Problem details:
Pictures excluded, copy word for word the lines from the one holding "최근에 수요예측 결과가" through the last line below.

Supplied material:
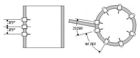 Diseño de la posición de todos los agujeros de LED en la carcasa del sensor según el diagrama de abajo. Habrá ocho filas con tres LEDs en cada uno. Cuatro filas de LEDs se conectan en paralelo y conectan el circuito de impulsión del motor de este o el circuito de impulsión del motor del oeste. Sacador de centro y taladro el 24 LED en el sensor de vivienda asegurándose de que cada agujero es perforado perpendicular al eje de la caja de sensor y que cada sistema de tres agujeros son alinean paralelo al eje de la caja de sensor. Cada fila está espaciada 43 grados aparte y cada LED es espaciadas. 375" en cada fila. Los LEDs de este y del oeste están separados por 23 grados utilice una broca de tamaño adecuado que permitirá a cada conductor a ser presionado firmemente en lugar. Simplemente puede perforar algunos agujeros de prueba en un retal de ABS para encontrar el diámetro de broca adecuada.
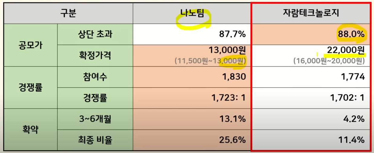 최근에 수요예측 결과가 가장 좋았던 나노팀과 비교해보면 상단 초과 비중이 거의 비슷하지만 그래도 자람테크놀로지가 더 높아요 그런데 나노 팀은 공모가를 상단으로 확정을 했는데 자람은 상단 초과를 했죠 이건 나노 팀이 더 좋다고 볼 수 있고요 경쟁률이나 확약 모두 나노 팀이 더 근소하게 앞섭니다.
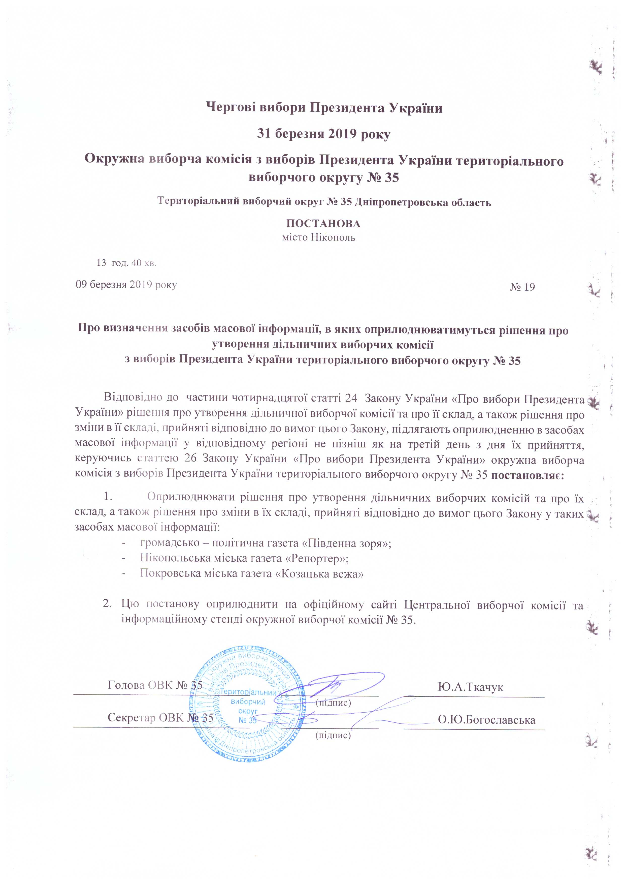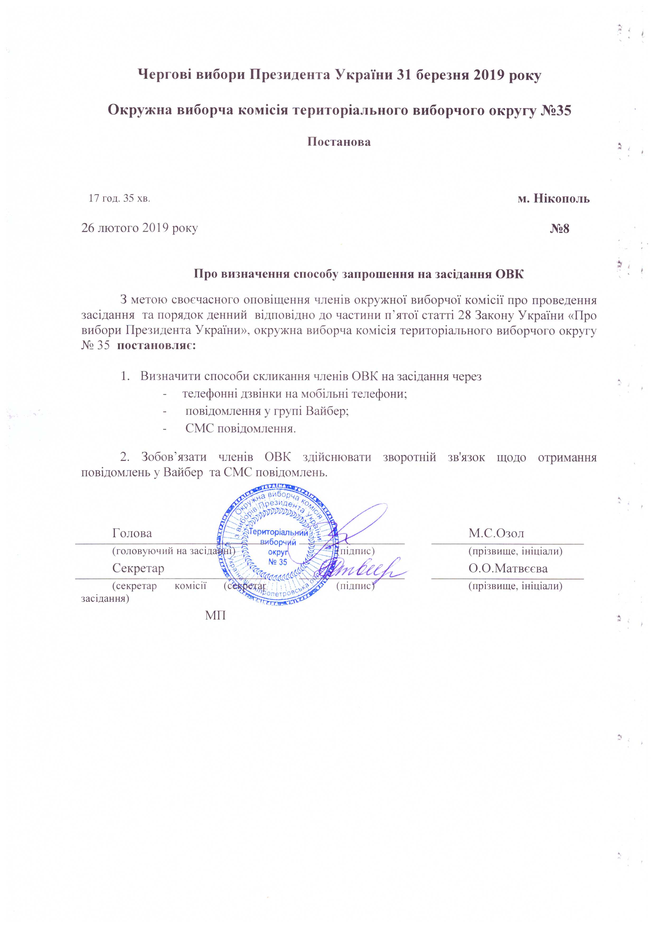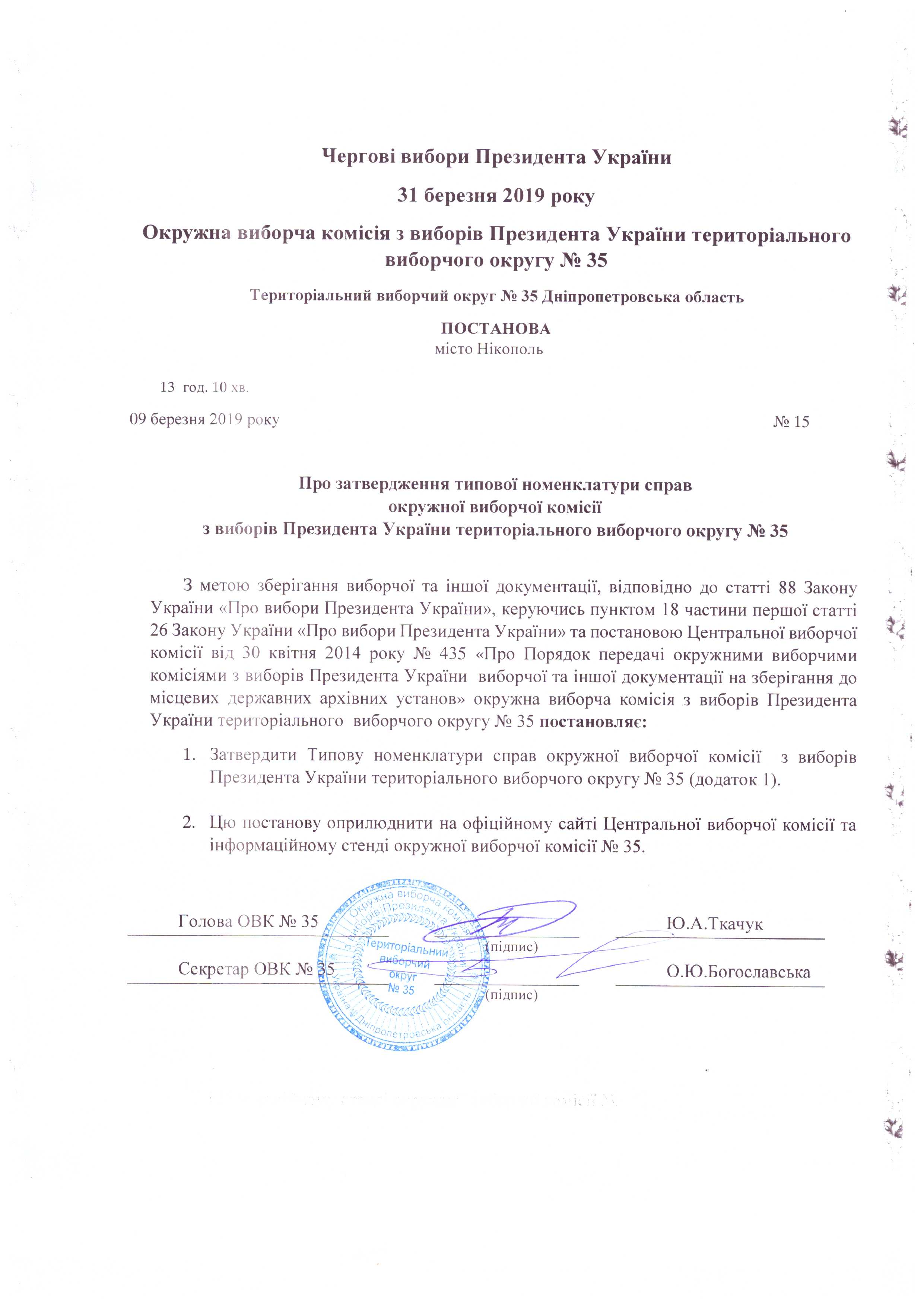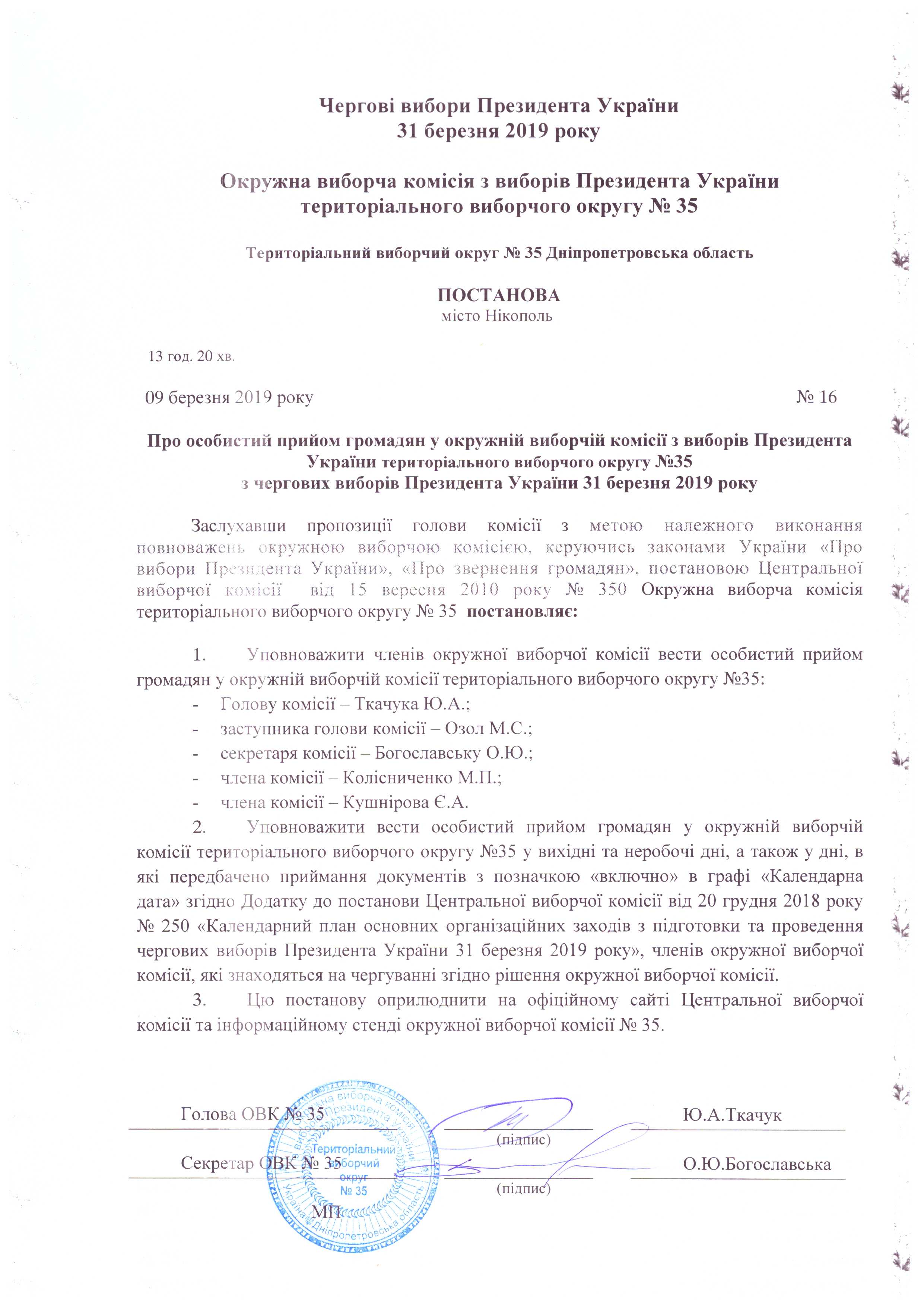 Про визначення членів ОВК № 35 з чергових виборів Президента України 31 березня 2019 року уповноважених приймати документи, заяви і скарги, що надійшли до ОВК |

Reply to the exercise:
 최근에 수요예측 결과가 가장 좋았던 나노팀과 비교해보면 상단 초과 비중이 거의 비슷하지만 그래도 자람테크놀로지가 더 높아요 그런데 나노 팀은 공모가를 상단으로 확정을 했는데 자람은 상단 초과를 했죠 이건 나노 팀이 더 좋다고 볼 수 있고요 경쟁률이나 확약 모두 나노 팀이 더 근소하게 앞섭니다.
 Про визначення членів ОВК № 35 з чергових виборів Президента України 31 березня 2019 року уповноважених приймати документи, заяви і скарги, що надійшли до ОВК |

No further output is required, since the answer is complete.